For a firmware, and/or software implementation of the target carrier system described herein, the methodologies may be implemented with modules (e.g., procedures, functions, and so on) that perform the functions described herein. Any machine readable medium tangibly embodying instructions can be used in implementing the methodologies described herein. For example, software codes and programs can be stored in a memory and executed by a processing unit. Memory can be implemented within the processing unit or may be external to the processing unit. As used herein the term “memory” refers to any type of long term, short term, volatile, nonvolatile, or other storage devices and is not to be limited to any particular type of memory or number of memories, or type of media upon which memory is stored.

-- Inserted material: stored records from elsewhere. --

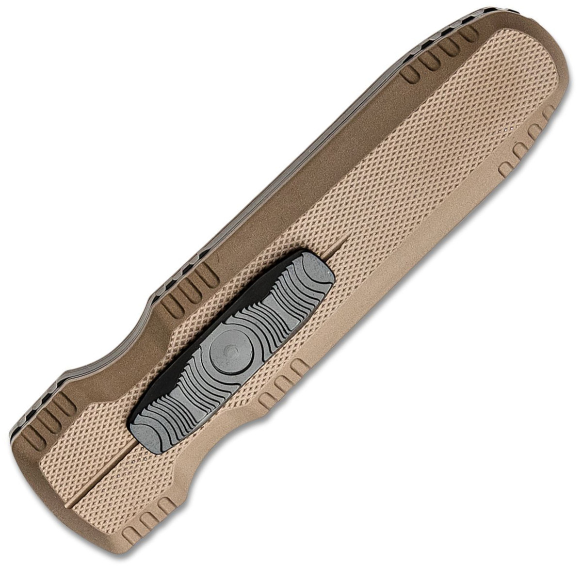OTF mechanismus využívá posuvné ovládání, které současně slouží jako bezpečnostní pojistka. Systém je navržen tak, aby poskytoval pevné uzamčení čepele v otevřené i zavřené poloze.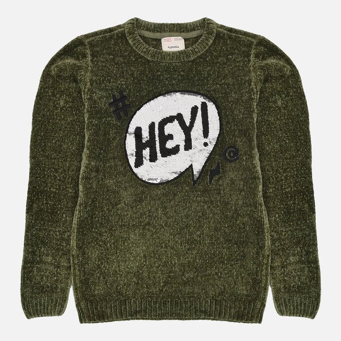 FZK Sequin Hey Rabbit Fur Green Sweater 11976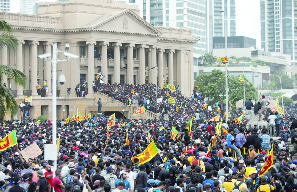 ولم يتمكن أفراد الجيش والشرطة من التصدي لحشود المحتجين الذين رددوا شعارات تطالب الرئيس جوتابايا راجاباكسا بالتنحي في ذروة غضب شعبي متصاعد إزاء أسوأ أزمة اقتصادية تشهدها البلاد منذ سبعة عقود.

In other firmware and/or software implementations, the functions may be stored as one or more instructions or code on a non-transitory computer-readable medium. Examples include computer-readable media encoded with a data structure and computer-readable media encoded with a computer program. Computer-readable media may take the form of an article of manufacturer. Computer-readable media includes physical computer storage media. A storage medium may be any available medium that can be accessed by a computer. By way of example, and not limitation, such computer-readable media can comprise RAM, ROM, EEPROM, CD-ROM or other optical disk storage, flash memory, magnetic disk storage or other magnetic storage devices, or any other medium that can be used to store reproduce data magnetically, while discs reproduce data optically with lasers. Combinations of the above should also be included within the scope of computer-readable media.

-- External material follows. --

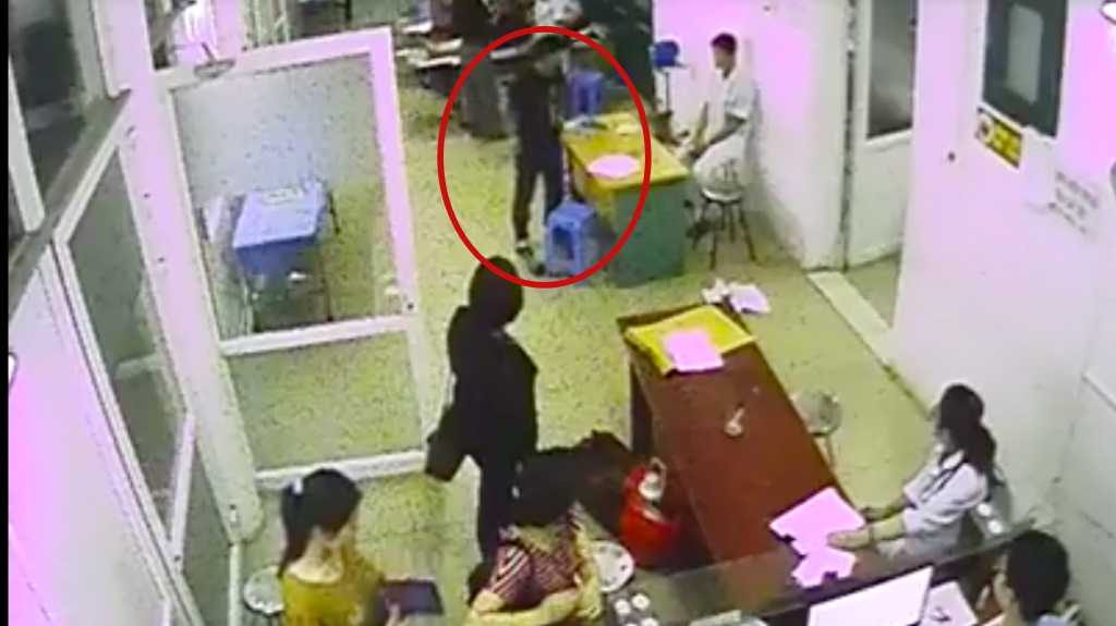 Người này tiếp tục cầm tập hồ sơ để trên bàn, ném vào mặt một nhân viên y tế đang trực tại đây. Lúc này, nhân viên bảo vệ của bệnh viện vào can thiệp nên nhóm này rời đi.

In addition to storage on computer readable medium, instructions and/or data may be provided as signals on transmission media included in a communication apparatus. For example, a communication apparatus may include a transceiver having signals indicative of instructions and data. The instructions and data are configured to cause one or more processors to implement the functions outlined in the claims. That is, the communication apparatus includes transmission media with signals indicative of information to perform disclosed functions. At a first time, the transmission media included in the communication apparatus may include a first portion of the information to perform the disclosed functions, while at a second time the transmission media included in the communication apparatus may include a second portion of the information to perform the disclosed functions.

It should be noted that the description set forth herein merely illustrates the principles of the present subject matter. It will thus be appreciated that those skilled in the art will be able to devise various arrangements that, although not explicitly described herein, embody the principles of the present subject matter and are included within its spirit and scope. Furthermore, all examples recited herein are principally intended expressly to be only to aid the reader in understanding the principles of the invention and the concepts contributed by the inventor(s) to furthering the art, and are to be construed as being without limitation to such specifically recited examples and conditions. Moreover, all statements herein reciting principles, aspects, and embodiments of the invention, as well as specific examples thereof, are intended to encompass equivalents thereof.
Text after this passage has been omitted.